There’s no difference between our most vulnerable people and me. We are a community together.
— Kluane Adamek
 

It’s clear to me throughout our conversation that Adamek cares deeply about her work and has immense respect for the position of power she’s stepped into. But it’s also clear that she doesn’t see her work as inherently more important or impactful than others’ work.

“When I think about our teachers, when I think about nurses, when I think about people who are working on our land healing programs, people who are working through addiction, or showing up every day for school when you’re seven years old and you don’t have a lunch—everybody has really unique and special abilities and that’s coming from a very traditional, perhaps even Indigenous, perspective that everyone has really special gifts and it’s about what figuring out what those are and honouring them and welcoming them.” Basically, says Adamek, the term ‘leader’ does not describe one type of person doing one type of work. Instead, it’s a trait, one all of us have the potential to exemplify.

 
 
 
Adamek being sworn in as Yukon Regional Chief during the 2018 AFN Yukon First Nations Annual Summit — Photography by Alistair Maitland •

Adamek being sworn in as Yukon Regional Chief during the 2018 AFN Yukon First Nations Annual Summit — Photography by Alistair Maitland

Throughout our conversation, Adamek offered many similarly poignant pieces of wisdom on what it means to be a good leader. Here are a few:

Embrace softness • “To be a strong leader, you need to be really aggressive and really loud and predominantly you see this patriarchal leadership style—or that’s what we accept as leadership,” she says. “For me and my cultural background, that’s not reflective of me at all. In fact, showing vulnerability and being a strong leader who may not speak often, or may speak gently, that’s a good thing.”

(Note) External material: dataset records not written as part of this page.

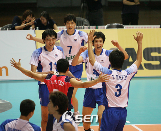 한국 남자배구가 2007 월드컵서 첫 승을 거두었다. 유중탁 감독이 이끄는 남자 배구 대표팀은 23일 오후 일본 히로시마에서 열린 2007 국제배구연맹(FIVB) 월드컵 5차전 튀니지와 경기서 문성민(22득점)과 센터 신영수(23득점)의 활약에 힘입어 세트 스코어 3-2(25-17 23-25 21-25 25-22 15-9)로 극적인 승리를 거두었다. 이로써 한국은 4연패 끝에 첫 승을 올렸다. 한국은 1세트부터 튀니지를 강력하게 몰아쳤다. 지난 22일 러시아와 경기서 아껴두었던 문성민을 투입하며 총력전을 폈다. 문성민은 기대에 걸맞게 활기찬 플레이로 제 몫을 했다. 또, 신영수와 신예 박준범은 블로킹에서 튀니지를 압도, 1세트를 25-17로 따냈다. 2세트서는 튀니지가 힘을 냈다. 튀니지는 서브 에이스 포함해 날카로운 백어택 공격으로 차근차근 점수를 더했고 이어 블로킹까지 호조를 보이며 11-6으로 앞서갔다. 그러나 한국은 문성민이 파워 넘치는 공격으로 추격을 시작했다. 그리고 신영수도 득점에 가세하며 22-23까지 따라 잡았으나 뒤집지 못하고 2세트를 23-25로 내주고 말았다. 세트스코어 1-1서 맞이한 3세트서 양팀은 팽팽한 접전을 이어갔다. 12-12 동점서 먼저 힘을 낸 쪽은 튀니지였다. 템포 조절을 통한 스파이크 공격과 한국의 실수를 묶어 튀니지는 17-13으로 앞서갔다. 한국은 김요한을 투입해 반전을 노렸지만 서브 범실과 상대 블로킹을 넘지 못하는 등 뒷심 부족을 드러내며 3세트마저 21-25로 뺐겼다. 4세트 초반서도 팽팽한 경기는 계속됐다. 문성민과 박준범은 튀니지의 코트에 맹폭을 가하며 힘을 냈다. 결국 후반 박준범의 블로킹으로 점수를 벌리는 데 성공한 한국은 유광우의 날카로운 토스에 이은 하경민의 중앙 속공과 문성민의 오픈 공격으로 25-22로 따내 세트스코어 2-2를 만들었다. 최종 5세트서 한국은 좋은 출발을 보였다. 한국은 하경민의 날카로운 공격과 함께 튀니지의 범실을 묶어 7-3으로 앞서 나갔다. 특히 신영수와 박준범 등 어린 선수들이 침착하게 공수에 걸쳐 활약을 보였고 결국 한국은 15-9으로 5세트를 따내며 승리를 거두었다. 10bird@osen.co.kr
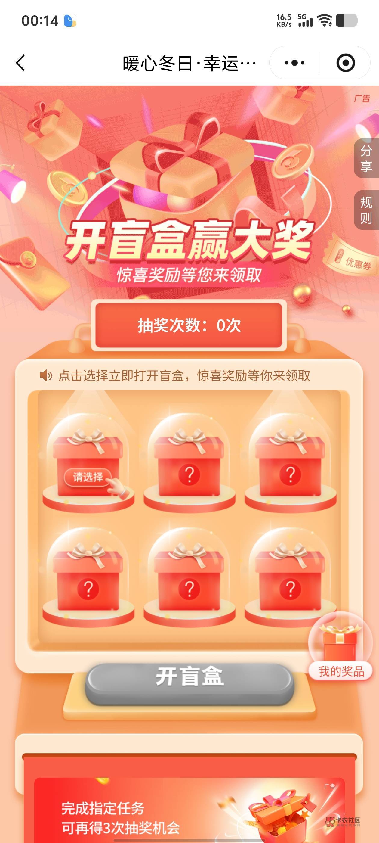 交通银行小程序山西暖心冬日幸运盲盒活动
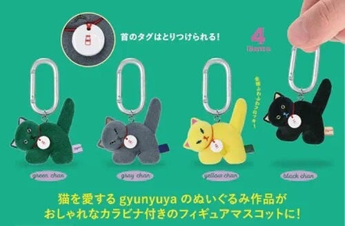 猫を愛するgyunyuyaのぬいぐるみ作品がおしゃれなカラビナ付きのフィギュアマスコットに!

Stay true to your values • “Know who you are,” Adamek says. “Are you proud of who you are in the moments when no-one is watching? Our elders always tell us, ‘Mind what you say.’ Be very careful about the words that you say because you can never take those back.”

We are all connected • And we’re all interdependent. “My dad drives the water truck in our community,” Adamek says, “and some might see that in a very judgemental way, but if my dad did not deliver water, nobody would have water in my community.” To build strong and happy communities, we must respect and honour the important role each member fills.

 
 
 

Kylie Adair is the editorial director at kaur. space. She has a bachelor’s degree in journalism and human rights and a miniature schnauzer named Dot.